### [Provided material]
--- START ---
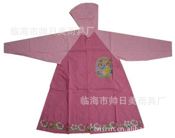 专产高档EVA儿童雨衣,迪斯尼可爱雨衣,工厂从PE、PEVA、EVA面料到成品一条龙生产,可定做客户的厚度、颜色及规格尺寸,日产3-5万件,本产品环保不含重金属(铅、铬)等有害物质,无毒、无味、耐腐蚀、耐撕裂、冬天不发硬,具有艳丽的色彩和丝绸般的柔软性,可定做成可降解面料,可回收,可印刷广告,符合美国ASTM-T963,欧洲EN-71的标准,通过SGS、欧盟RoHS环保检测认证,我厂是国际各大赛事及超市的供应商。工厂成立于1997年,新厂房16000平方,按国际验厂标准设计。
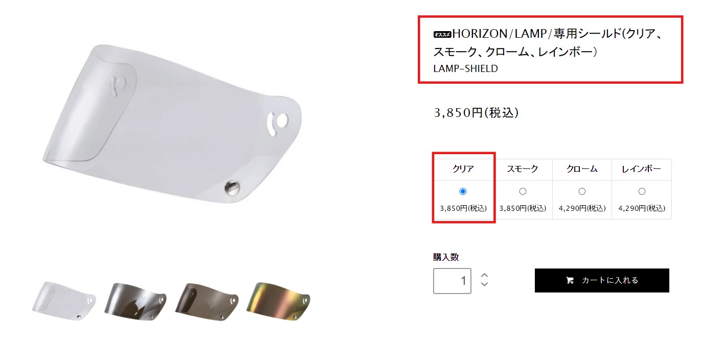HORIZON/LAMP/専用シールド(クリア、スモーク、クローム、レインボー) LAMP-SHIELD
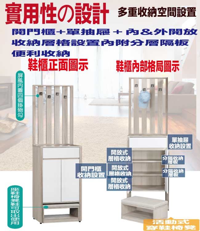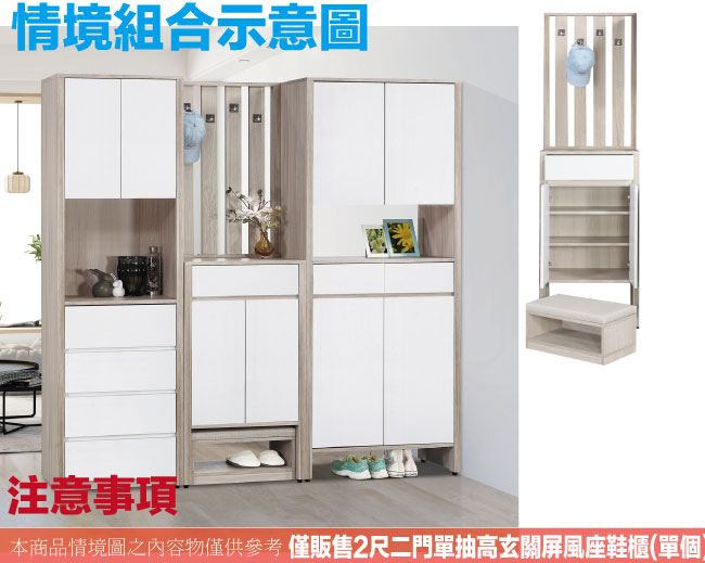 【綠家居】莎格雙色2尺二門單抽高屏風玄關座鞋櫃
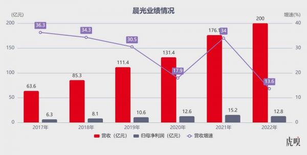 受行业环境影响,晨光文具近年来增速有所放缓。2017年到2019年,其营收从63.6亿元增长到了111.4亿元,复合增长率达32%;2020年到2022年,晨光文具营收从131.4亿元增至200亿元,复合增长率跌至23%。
--- END ---
When you copy the listing, keep every line exactly as it is but leave out all images.

### [Result of this exercise]
 专产高档EVA儿童雨衣,迪斯尼可爱雨衣,工厂从PE、PEVA、EVA面料到成品一条龙生产,可定做客户的厚度、颜色及规格尺寸,日产3-5万件,本产品环保不含重金属(铅、铬)等有害物质,无毒、无味、耐腐蚀、耐撕裂、冬天不发硬,具有艳丽的色彩和丝绸般的柔软性,可定做成可降解面料,可回收,可印刷广告,符合美国ASTM-T963,欧洲EN-71的标准,通过SGS、欧盟RoHS环保检测认证,我厂是国际各大赛事及超市的供应商。工厂成立于1997年,新厂房16000平方,按国际验厂标准设计。
HORIZON/LAMP/専用シールド(クリア、スモーク、クローム、レインボー) LAMP-SHIELD
 【綠家居】莎格雙色2尺二門單抽高屏風玄關座鞋櫃
 受行业环境影响,晨光文具近年来增速有所放缓。2017年到2019年,其营收从63.6亿元增长到了111.4亿元,复合增长率达32%;2020年到2022年,晨光文具营收从131.4亿元增至200亿元,复合增长率跌至23%。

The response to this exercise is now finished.